═══ Provided data ═══

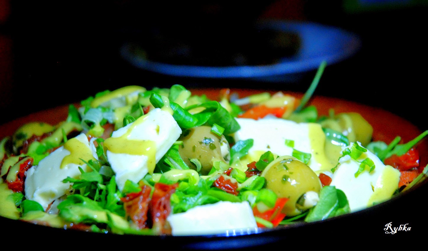 Tym razem przepyszna śródziemnomorska sałatka :)Latem niemalże codziennie na obiad szykuję sobie różna sałatki,bardziej skomplikowane, mniej, ale zawsze.Przede wszystkim nie czuje się po nich ciężko, są zdrowe do bólu, kolorowe i przeeeeeepyszne 🙂 🙂
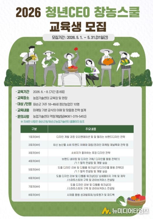 화순군은 지역 청년농업인의 전문 경영 역량 강화를 위해 ‘2026 청년CEO 창농스쿨’ 교육생을 오는 5월 1일부터 31일까지 모집한다고 밝혔다.
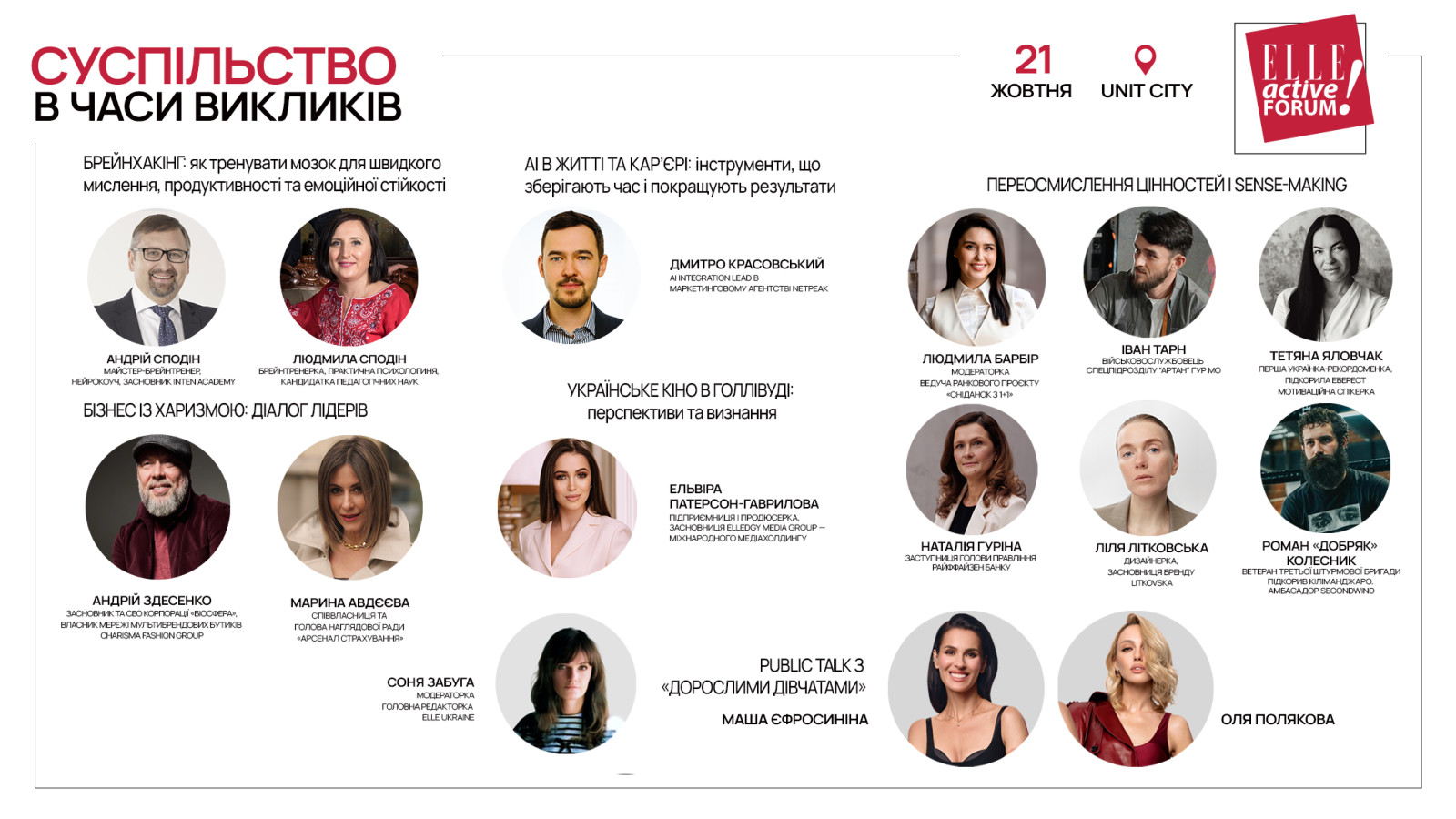 Цьогорічна тема ELLE Active Forum — «Суспільство в часи випробувань». У рамках заходу буде організовано низку панельних дискусій, присвячених переосмисленню базових цінностей, формуванню стійкості, підтримці солідарності та розвитку інтелектуального потенціалу.
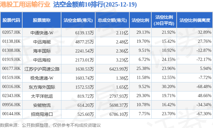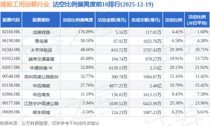 从沽空金额来看,中通快递-W、中远海能、海丰国际沽空金额位居行业前三,分别为6139.13万港元、4877.25万港元、2241.54万港元。
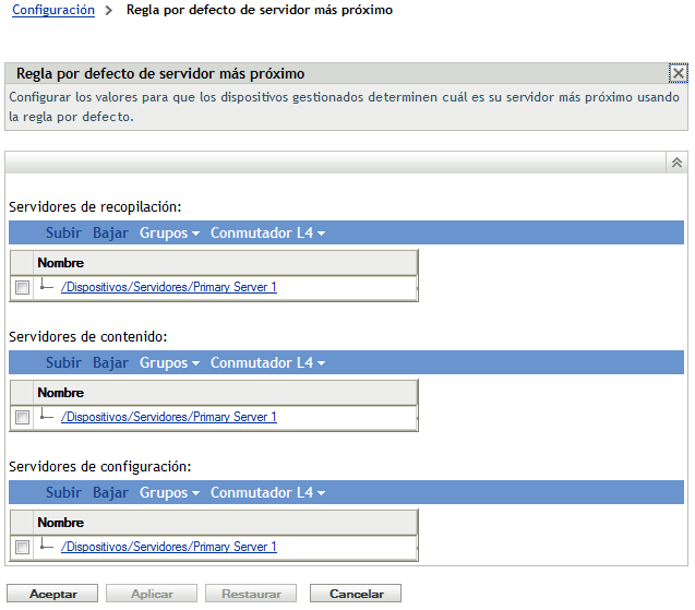 La regla por defecto de servidor más próximo permite definir la regla que utiliza un dispositivo para determinar los servidores de recopilación, contenido y configuración más cercanos cuando no se hayan definido reglas del servidor más próximo o éstas no sean aplicables. Esta regla es simplemente una lista de los servidores en el orden en el que desee que los dispositivos se pongan en contacto con ellos. No es posible añadir ni eliminar servidores de las listas.
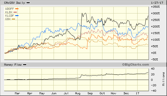 Habe WDO mal YTD verglichen zu meinen schweren Goldaktien Kirkland, Klondex sowie dem GDX.

═══

Could the entries above be written out word for word, pictures excluded?

Completed exercise:
 Tym razem przepyszna śródziemnomorska sałatka :)Latem niemalże codziennie na obiad szykuję sobie różna sałatki,bardziej skomplikowane, mniej, ale zawsze.Przede wszystkim nie czuje się po nich ciężko, są zdrowe do bólu, kolorowe i przeeeeeepyszne 🙂 🙂
 화순군은 지역 청년농업인의 전문 경영 역량 강화를 위해 ‘2026 청년CEO 창농스쿨’ 교육생을 오는 5월 1일부터 31일까지 모집한다고 밝혔다.
 Цьогорічна тема ELLE Active Forum — «Суспільство в часи випробувань». У рамках заходу буде організовано низку панельних дискусій, присвячених переосмисленню базових цінностей, формуванню стійкості, підтримці солідарності та розвитку інтелектуального потенціалу.
 从沽空金额来看,中通快递-W、中远海能、海丰国际沽空金额位居行业前三,分别为6139.13万港元、4877.25万港元、2241.54万港元。
 La regla por defecto de servidor más próximo permite definir la regla que utiliza un dispositivo para determinar los servidores de recopilación, contenido y configuración más cercanos cuando no se hayan definido reglas del servidor más próximo o éstas no sean aplicables. Esta regla es simplemente una lista de los servidores en el orden en el que desee que los dispositivos se pongan en contacto con ellos. No es posible añadir ni eliminar servidores de las listas.
 Habe WDO mal YTD verglichen zu meinen schweren Goldaktien Kirkland, Klondex sowie dem GDX.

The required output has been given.